The series begins with a story from Anna Sian who works at Spotify as Head of Marketing in their podcasts division.

 

She’s been a steady presence in New York City having previously worked at Staple and VSCO. Read on for her account of how she got here.

Anna Sian

— 34, New York —

Standing in the total darkness of the tiny bathroom in our East Village apartment except for a single amber light, I watched attentively as my dad ran a sheet of paper through a sequence of tray baths, explaining how I could use this process to develop my own photos. Later this week I wanted to further develop my latest song and there was also a poetry slam to prepare for.

 

Growing up in New York City was to be in the center of overlapping experimental artistry. My parents were architects and artists and they showed me the many possible avenues I could explore. 

 

Even more than my nuclear family, the city cultivated the creative spark I’ve always felt. I saw what creative expression meant for individual New Yorkers, and in a big picture way what that meant for New York as a whole—and I wanted to be a part of it.

 

Like a sponge, I soaked up the influences around me and like coral I grew linked to the city’s extended reef of arts, creativity, and expression.

 

I love people. I love meeting new people and hearing the stories of other creative people. I pushed forward, following my various passions while remaining open to experimentation, and found ways to create that enabled me to understand other people better and inspire them to do things.

 

Even when people have diverse backgrounds, languages, and ethnicities, what we create and share serves as a unifying bond. That helps me make sense of the connections I cultivate—if we can connect over what we create, we can better understand how to add value to our lives.

“Marketing is often thought of as making hard sells, the carnival barker with the flashiest banner or the biggest button, but marketing done well meaningfully contributes to a community.”

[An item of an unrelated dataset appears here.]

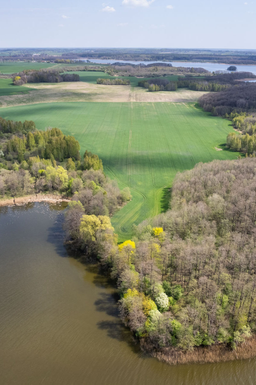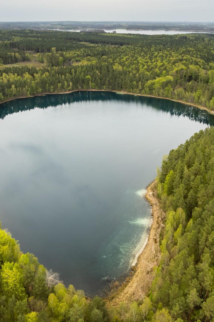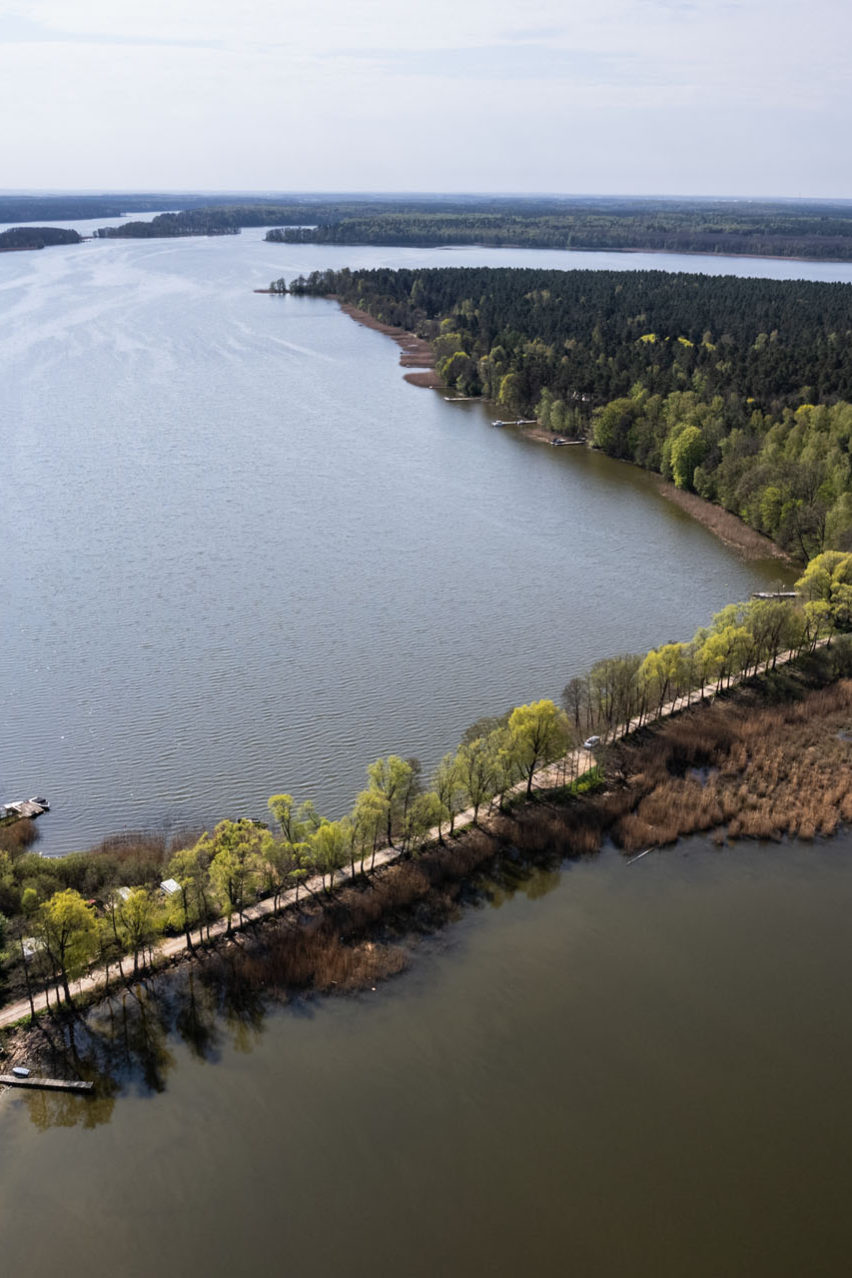 Jadąc dalej, musiałem na chwilę oddalić się od jeziora, bo tylko tak biegną drogi w kierunku wsi Wieprz i dalej na wyspę Bukowiec. Wyjeżdżając ze wsi Śliwa, szybko przestałem żałować tego objazdu, ponieważ do celu prowadziły mnie tak piękne aleje drzew, jakich w życiu nie widziałem. Na wyspę udałem się pieszo po grobli. Kiedy wróciłem było już samo południe, a okoliczne widoki nie zrobiły na mnie zbyt dużego wrażenia. Udałem się więc w kolejne miejsce, które zaznaczyłem sobie na mapie. Tu ważna uwaga: ten skok w bok jest tylko dla samochodów z wyższym zawieszeniem i najlepiej z napędem 4×4. Wszystko dlatego, że droga, początkowo szutrowa, z każdym metrem przeradza się w coraz bardziej leśną, a liczba dziur i nierówności rośnie wprost proporcjonalnie do pięknych widoków za oknem. Przeprawiałem się tam nie bez powodu. Chciałem odnaleźć ślady po dawnej pruskiej wsi Pomehlen, która jeszcze pod koniec XVIII w. składała się z 11 gospodarstw. Obecnie pod spolszczoną nazwą Pomielin nie sposób dojrzeć nawet pozostałości budynków w zaroślach. Tylko skarłowaciałe drzewa owocowe mówią o tym, że było tam kiedyś życie. Powtarzam jednak, że dojazd do tego miejsca jest wymagający, a po krótkiej wizycie w Pomielinie i tak wróciłem do drogi Wieprz – Śliwa i udałem się do wsi Dobrzyki, które z moich obserwacji są najdalej wysuniętym puntem Jezioraka na północ. Przedostałem się tym sposobem na zachodni brzeg i pojechałem do wsi Matyty, żeby zobaczyć Cieśninę Matycką. Podobnie na chwilę zajrzałem na plażę w Jerzwałdzie położonym nad Jeziorem Płaskim, które łączy się z Jeziorakiem. Mój pierwotny plan zakładał trzymanie się brzegu, ale na opłotkach wsi Jeziorno postanowiłem odejść od tego założenia. To wszystko za sprawą Jeziora Jasnego. Znajduje się ono na terenie rezerwatu przyrody „Jasne”, w którym sąsiadują ze sobą dwa różne i zarazem bardzo ciekawe ekosystemy. Pierwszym z nich jest ubogie we florę i faunę Jezioro Jasne. Natomiast drugie, Jezioro Lube, jest jego totalnym przeciwieństwem. W okolicach wsi Jeziorno z parkingu przy drodze można ścieżką przejść przez las aż nad brzeg jeziora, którego wody są krystalicznie czyste. Funkcjonuje ono zamiennie pod nazwą Jezioro Czyste lub Jasne, ale obie te nazwy bardzo trafnie oddają jego klimat. Stojąc na skraju brzegu, można na odległość kilku metrów bez problemu dostrzec piaszczyste dno. Według pomiarów światło przebija się w nim przez wodę na głębokość około 15 m. Docierając natomiast nad pobliskie Jezioro Lube, od razu można zauważyć, że jest ono gęsto zarośnięte przez lilie wodne, a na torfowiskach przy brzegu rośnie rosiczka okrągłolistna, turzyca czy mech torfowiec. To wszystko skusiło mnie na tyle, że wybrałem się na ponadgodzinny spacer po lesie.

Working at Staple, I was producing collaborative projects and it clicked for me that marketing is a powerful tool for creating community. My love for people and appreciating them has made me empathetic, which is what makes a good marketer.

 

I put myself in someone’s shoes and consider their likes, motivations, and interests. I think outside of myself. To me, my role is not about selling a product, but about understanding what the experience is on the other side.

 

Knowing that collaboration creates more meaning for disparate audiences has been a foundation for my work. Collaboration doesn’t mean just having established voices talking to each other, but finding ways to serve communities and boost all creators.

 

One of my favorite projects is VSCO Open Studio, which allows photographers to use the VSCO photo studio for their personal projects. I’ve done something similar at Anchor in forming a podcast lab for our creator community.

 

This is what I enjoy most about the marketing I’ve done for the past ten years. I take an idea that is a way to serve the community and build that out into as many different possibilities, using products as a part of enabling that.

 

I’ve seen and experienced firsthand the halo effects of many different creative people. When you’re doing something right and can amplify your voice, you inspire other people to become creators in their own ways. I give people the tools to build their own halo effects around them.

“I love people. I love meeting new people and hearing the stories of other creative people. I pushed forward, following my various passions while remaining open to experimentation, and found ways to create that enabled me to understand other people better and inspire them to do things.”